C++ Undefined behaviour with unions

Question

Was just reading about some anonymous structures and how it is isn\'t standard and some general use case for it is undefined behaviour...

This is the basic case:

Answer 1

I did not get why you have used float v[2];

The simple union for a point structure can be defined as:

union{

struct {

    float a;
    float b;
};

} Point;

You can access the values in unioin as:

Point.a = 10.5; 

point.b = 12.2; //example

Answer 2

The standard says that reading from any element in a union other than the last one written is undefined behavior. In theory, the compiler could generate code which somehow kept track of the reads and writes, and triggered a signal if you violated the rule (even if the two are the same type). A compiler could also use the fact for some sort of optimization: if you write to a (or x), it can assume that you do not read b (or v[0]) when optimizing.

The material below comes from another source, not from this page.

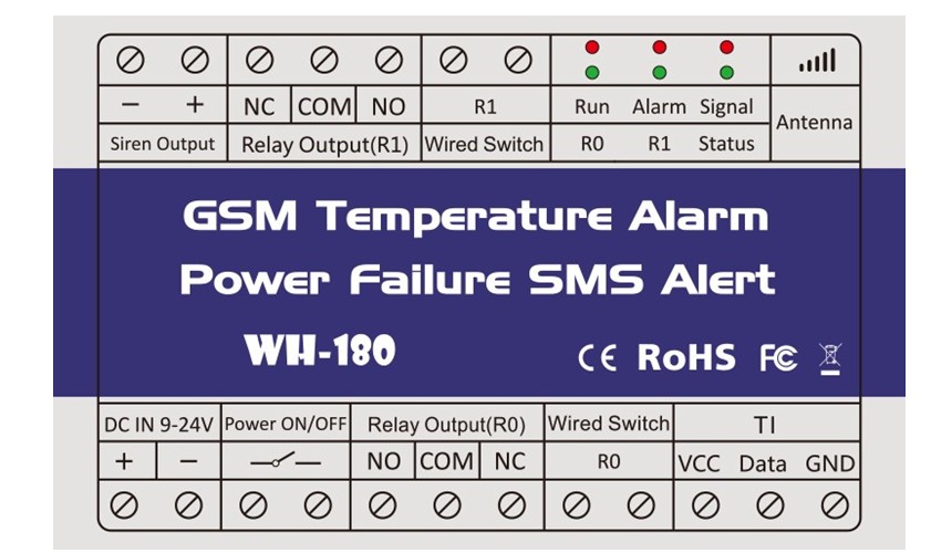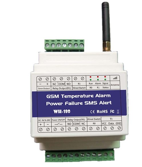 WH-180 GSM dojavljivač temperature, i nestanka struje. Koristi se u plastenicima, farmama, rashladnim komorama, kamionima hladnjačama, svugdje gdje je kritično održavanje temperature u zadanim granicama. U slučaju da temperatura izađe iz zadanih granica (npr. zaštita od smrzavanja u grijanim plastenicima za vrijeme zime) ili u slučaju nestanka struje (što može prouzročiti štetu jer su određeni uređaji prestali raditi) WH-180 će istog momenta uputiti poziv na telefon jedan ili više brojeva, te poslati SMS poruku o stanju temperature i električnog napajanja.
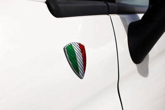 Weißes Carbonfaser-Kotflügelschild-Emblem mit italienischer Flagge - Carbonfaser

In practice, every compiler I know supports this, if the union is clearly visible, and there are cases in many (most?, all?) where even legal use will fail if the union is not visible (e.g.:

union  U { int i; float f; };

int f( int* pi, int* pf ) { int r = *pi; *pf = 3.14159; return r; }

//  ...
U u;
u.i = 1;
std::cout << f( &u.i, &u.f );

I've actually seen this fail with g++, although according to the standard, it is perfectly legal.)

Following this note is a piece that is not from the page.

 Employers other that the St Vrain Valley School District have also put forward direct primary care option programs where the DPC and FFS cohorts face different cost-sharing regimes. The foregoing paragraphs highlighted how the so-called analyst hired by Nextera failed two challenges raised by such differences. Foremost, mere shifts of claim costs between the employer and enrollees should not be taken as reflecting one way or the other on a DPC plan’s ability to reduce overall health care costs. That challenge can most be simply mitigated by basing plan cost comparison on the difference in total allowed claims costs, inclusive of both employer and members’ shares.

Also, even if the compiler supports writing to Point::x and reading from Point::v[0], there's no guarantee that Point::y and Point::v[1] even have the same physical address.

Answer 3

The standard requires that in a union "[e]ach data member is allocated as if it were the sole member of a struct." (9.5)

It also requires that struct { float x, y; } and float v[2] must have the same internal representation (9.2) and thus you could safely reinterpret cast one as the other

Taken together these two rules guarantee that the union you describe will function provided that it is genuinely written to memory. However, because the standard only requires that the last data member written be valid it's theoretically possible to have an implementation that fails if the union is only used as a local variable. I'd be amazed if that ever actually happens, however.